== EXERCISE BRIEF ==
Transcribe every line of the material below without change, apart from dropping the pictures.
─── GIVEN ENTRIES
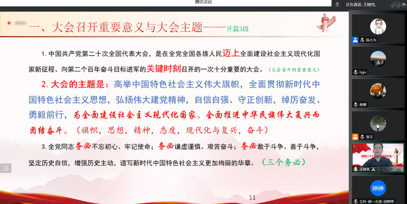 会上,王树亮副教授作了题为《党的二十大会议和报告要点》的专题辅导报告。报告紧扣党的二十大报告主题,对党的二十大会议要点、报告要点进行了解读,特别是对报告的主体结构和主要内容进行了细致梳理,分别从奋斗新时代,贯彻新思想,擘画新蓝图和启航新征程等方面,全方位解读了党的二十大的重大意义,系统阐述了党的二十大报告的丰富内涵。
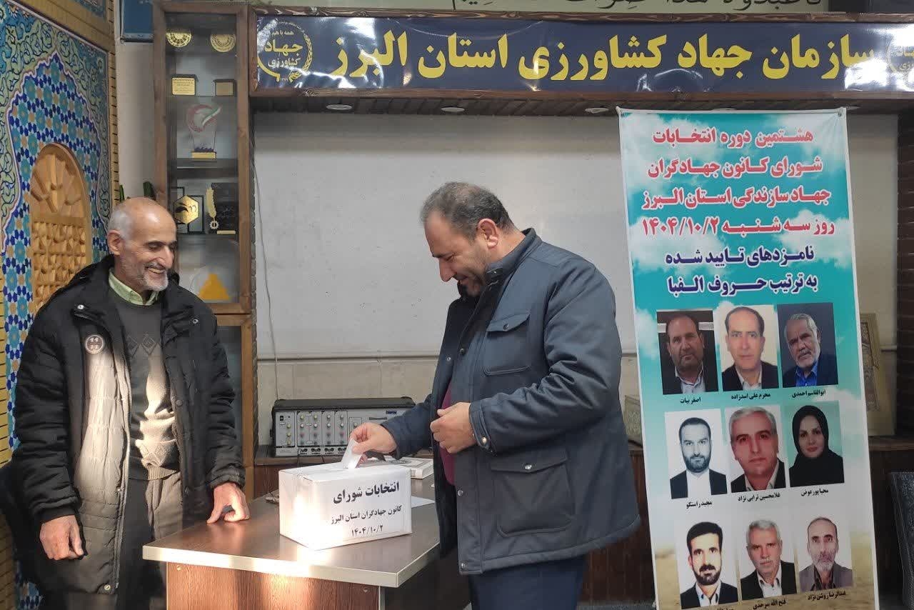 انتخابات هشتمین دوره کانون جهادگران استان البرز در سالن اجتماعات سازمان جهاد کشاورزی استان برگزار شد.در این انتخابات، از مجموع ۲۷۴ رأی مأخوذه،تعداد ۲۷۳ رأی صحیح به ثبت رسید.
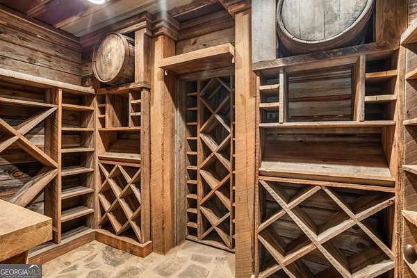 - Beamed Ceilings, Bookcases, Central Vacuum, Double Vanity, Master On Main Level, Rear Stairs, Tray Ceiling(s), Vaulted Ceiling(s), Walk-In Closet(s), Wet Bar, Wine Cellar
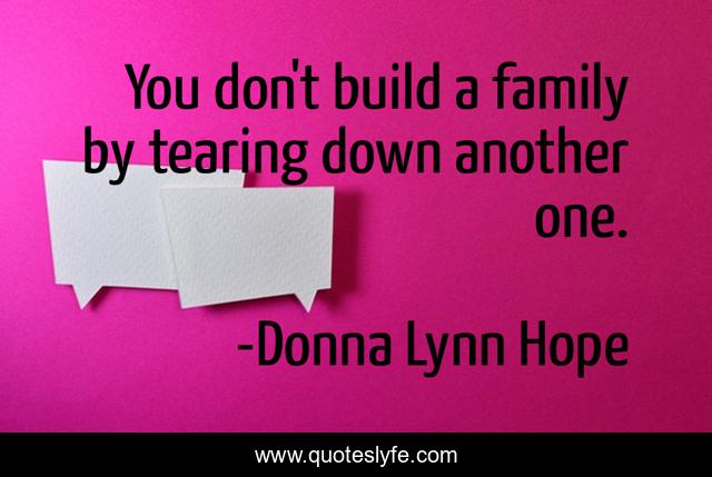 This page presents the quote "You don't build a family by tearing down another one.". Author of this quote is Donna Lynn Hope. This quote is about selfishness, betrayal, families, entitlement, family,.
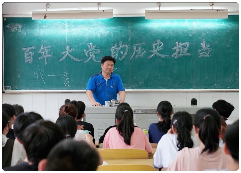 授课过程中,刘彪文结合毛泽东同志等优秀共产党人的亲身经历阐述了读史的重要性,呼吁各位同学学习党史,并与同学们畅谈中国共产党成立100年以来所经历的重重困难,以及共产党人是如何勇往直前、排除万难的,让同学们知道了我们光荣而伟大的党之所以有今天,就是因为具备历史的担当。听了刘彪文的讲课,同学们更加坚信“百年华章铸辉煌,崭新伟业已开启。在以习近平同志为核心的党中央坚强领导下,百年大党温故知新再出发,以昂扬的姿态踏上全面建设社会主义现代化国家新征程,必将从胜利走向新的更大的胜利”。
──────
== SOLUTION ==
 会上,王树亮副教授作了题为《党的二十大会议和报告要点》的专题辅导报告。报告紧扣党的二十大报告主题,对党的二十大会议要点、报告要点进行了解读,特别是对报告的主体结构和主要内容进行了细致梳理,分别从奋斗新时代,贯彻新思想,擘画新蓝图和启航新征程等方面,全方位解读了党的二十大的重大意义,系统阐述了党的二十大报告的丰富内涵。
 انتخابات هشتمین دوره کانون جهادگران استان البرز در سالن اجتماعات سازمان جهاد کشاورزی استان برگزار شد.در این انتخابات، از مجموع ۲۷۴ رأی مأخوذه،تعداد ۲۷۳ رأی صحیح به ثبت رسید.
 - Beamed Ceilings, Bookcases, Central Vacuum, Double Vanity, Master On Main Level, Rear Stairs, Tray Ceiling(s), Vaulted Ceiling(s), Walk-In Closet(s), Wet Bar, Wine Cellar
 This page presents the quote "You don't build a family by tearing down another one.". Author of this quote is Donna Lynn Hope. This quote is about selfishness, betrayal, families, entitlement, family,.
 授课过程中,刘彪文结合毛泽东同志等优秀共产党人的亲身经历阐述了读史的重要性,呼吁各位同学学习党史,并与同学们畅谈中国共产党成立100年以来所经历的重重困难,以及共产党人是如何勇往直前、排除万难的,让同学们知道了我们光荣而伟大的党之所以有今天,就是因为具备历史的担当。听了刘彪文的讲课,同学们更加坚信“百年华章铸辉煌,崭新伟业已开启。在以习近平同志为核心的党中央坚强领导下,百年大党温故知新再出发,以昂扬的姿态踏上全面建设社会主义现代化国家新征程,必将从胜利走向新的更大的胜利”。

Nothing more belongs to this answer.